Last night I dreamed about the greatest episode of Grand Designs Australia that was never made.

Ernest and Maggie were fulfilling their dream of restoring an old cliffside lighthouse, and extending it spoke-and-wheel style with a series of out-buildings interconnected by raised decking. It was shaping up to be a quirky but elegant place to raise their 1-year old son Zackarai. But with the budget squeezing ever tighter, and the pressure of their (admittedly optimistic) schedule growing higher, they foolishly split with their project manager (the affable and no-nonsense Jimmo) so that Ernest could quit his day job as a human rights lawyer and take on the task himself.

But Ernest’s haste and inexperience soon became their downfall. He clashed with his builders and misread the blueprints, so the pylons he drove down into the seaward cliff-face went far too deep. They buckled and cracked, hot blackened water spilled up from the depths, and steam filled the air as the land quaked and fissured. An island’s worth of sand and cliffrock collapsed into the roiling sea, and after a perfectly-timed ad break, what was revealed beneath was nothing less than the lost city of Atlantis.

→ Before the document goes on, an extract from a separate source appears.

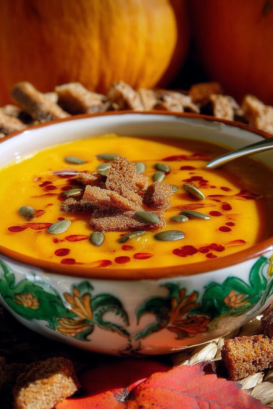 When the air turns crisp and the days feel shorter, I start craving a big bowl of soup that feels like a hug from the inside. This roasted pumpkin recipes soup is my cozy answer for long chilly evenings at home, when socks are thick and plans are simple. We roast the pumpkin until the edges caramelize and the kitchen smells warm and nutty, then turn it into the smoothest, silkiest bowl you can imagine. I love that this roasted pumpkin soup recipe tastes rich and indulgent yet still fits into my idea of a healthy pumpkin soup recipe. It is one of those autumn soup recipes that you can dress up for guests or keep relaxed for a quick weeknight dinner, and it always feels right. The texture lands somewhere between a classic autumn squash soup recipe and a light puree, with gentle spice that warms your hands and your mood. We lean into savory pumpkin recipes here, with garlic, onion, and a touch of spice that keeps every spoonful interesting. If you enjoy pumpkin recipes savory rather than sweet, this one might become your new tradition. I like to finish each bowl with a swirl of cream, crunchy seeds, and a slice of crusty bread on the side, then sit down and enjoy the quiet for a moment.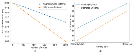 One of the standout features of magnesium-ion batteries is their superior cycle stability compared to lithium-ion systems. The absence of dendrite formation in Mg-ion batteries is a major safety advantage. Dendrite growth in lithium-ion batteries often leads to short circuits and safety hazards, whereas magnesium-ion batteries exhibit stable performance even after extensive cycling. In our tests, the Mg-ion batteries retained excellent capacity after 1000 charge-discharge cycles. The capacity degradation was minimal, with less than 10% loss in energy storage throughout these cycles. This stability indicates that Mg-ion batteries could outperform lithium-ion batteries in applications requiring long-term reliability, such as in electric vehicles, where longevity is critical for the overall performance and safety of the car [43,44]. However, while cycle stability is a clear advantage, challenges related to slow ion kinetics still impact the charge-discharge rate and energy efficiency, as discussed in the next section (Table 4).

And the High Temple of Pantheonic Devotion was just begging to be restored and repurposed as a modern living space.

 [40 minutes later]

Peter Maddison and the young couple sit across from each other in their stunning new home, their conversation intercut with tracking shots of certain interesting aspects of the ancient stone building (and Zackarai playing in photogenic ways).

“So, congratulations you two, it’s beautiful!”

“Thank you, Peter. The molluscs and the weeping Hyperborean runes can sometimes be a nuisance, but we cleaned up before you arrived! Har-har-har.”

Peter shows a lot of teeth as he laughs in his silent way, looking back and forth at the two of them. A small leaf of hanging kelp plops onto the glass coffee table. They pretend not to notice.

“Now I hate to be blunt, but we all want to know … What about the price tag for all this? Did you manage to stay under budget?

“Oh, well, we’d rather not say. You can’t put a price on your family home, har-har!”

“Come on, just give me an estimate. For a temple of this size and finish, two hundred gold pieces? A thousand?!”

“I honestly have no idea, Peter. And that’s OK with us. As long as we have a home to call our own.”

Credits roll over a receding drone shot of them all drinking a toast on The Forbidden Arch-Priest’s Tier (now the balcony off the master bedroom).